Wednesday, November 5, 2008

Internal conflict and the essence of character

This is an addendum to my last post on discovery and decision. As I read on in Janet Burroway's book Writing Fiction - yes, I personally drive the consumer market for books on writing - I came to a passage where she crystallized the idea of character (or dramatic character anyhow). She refers to "conflict that is the essence of character".

I was once warned away from thinking of stories in terms of the classic term conflict, because the word suggested something negative. But within the context of viewing stories as a cycles of discovery and decision, conflict seems apt because every decision involves conflicting choices. Otherwise, we are left with a bland tale indeed.

At the macro level, the antipodal positions of conflict have been used to categorize fiction: man vs. man; man vs. nature; man vs. self. (The best stories, of course, resolve back to the latter of the three, even it outwardly they present some version of the first two.)
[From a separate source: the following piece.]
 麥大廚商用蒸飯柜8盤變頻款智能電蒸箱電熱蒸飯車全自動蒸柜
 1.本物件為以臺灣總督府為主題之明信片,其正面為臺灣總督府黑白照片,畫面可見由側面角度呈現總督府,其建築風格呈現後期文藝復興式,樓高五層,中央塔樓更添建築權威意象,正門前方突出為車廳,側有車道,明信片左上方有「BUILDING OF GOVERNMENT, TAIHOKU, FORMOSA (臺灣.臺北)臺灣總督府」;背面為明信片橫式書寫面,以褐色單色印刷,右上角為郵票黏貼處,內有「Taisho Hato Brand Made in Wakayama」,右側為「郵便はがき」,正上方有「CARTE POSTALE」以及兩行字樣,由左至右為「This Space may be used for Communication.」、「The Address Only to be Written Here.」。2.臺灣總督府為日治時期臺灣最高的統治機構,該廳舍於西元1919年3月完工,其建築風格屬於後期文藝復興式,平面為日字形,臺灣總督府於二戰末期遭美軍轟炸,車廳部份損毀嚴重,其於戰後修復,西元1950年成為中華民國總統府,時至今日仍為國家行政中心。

At an even more abstract level the complication-resolution model also implies conflict. A complication introduces an imbalance in a character's life that can only be resolved - barring an act of God - by action on the part of the character, even if this action is completely internal, such as coming to peace with a situation.
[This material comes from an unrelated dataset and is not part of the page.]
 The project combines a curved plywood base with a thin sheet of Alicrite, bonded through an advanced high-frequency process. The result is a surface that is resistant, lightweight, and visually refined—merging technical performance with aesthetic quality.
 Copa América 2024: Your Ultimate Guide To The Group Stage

The pitfall with using "conflict" in conceptualizing stories, as my teachers warned, is that the word connotes "aggression." Would could take this to mean "angry" or "violent," adjectives that apply to a limited number of characters.

In short, internal conflict seems like a good way to describe a state of mind of a post-discovery character who must make a decision - be it a decision that resolves a story's main complication or a decision that solves some minor disturbance. How the character acts at the moment of conflict tells us about her soul.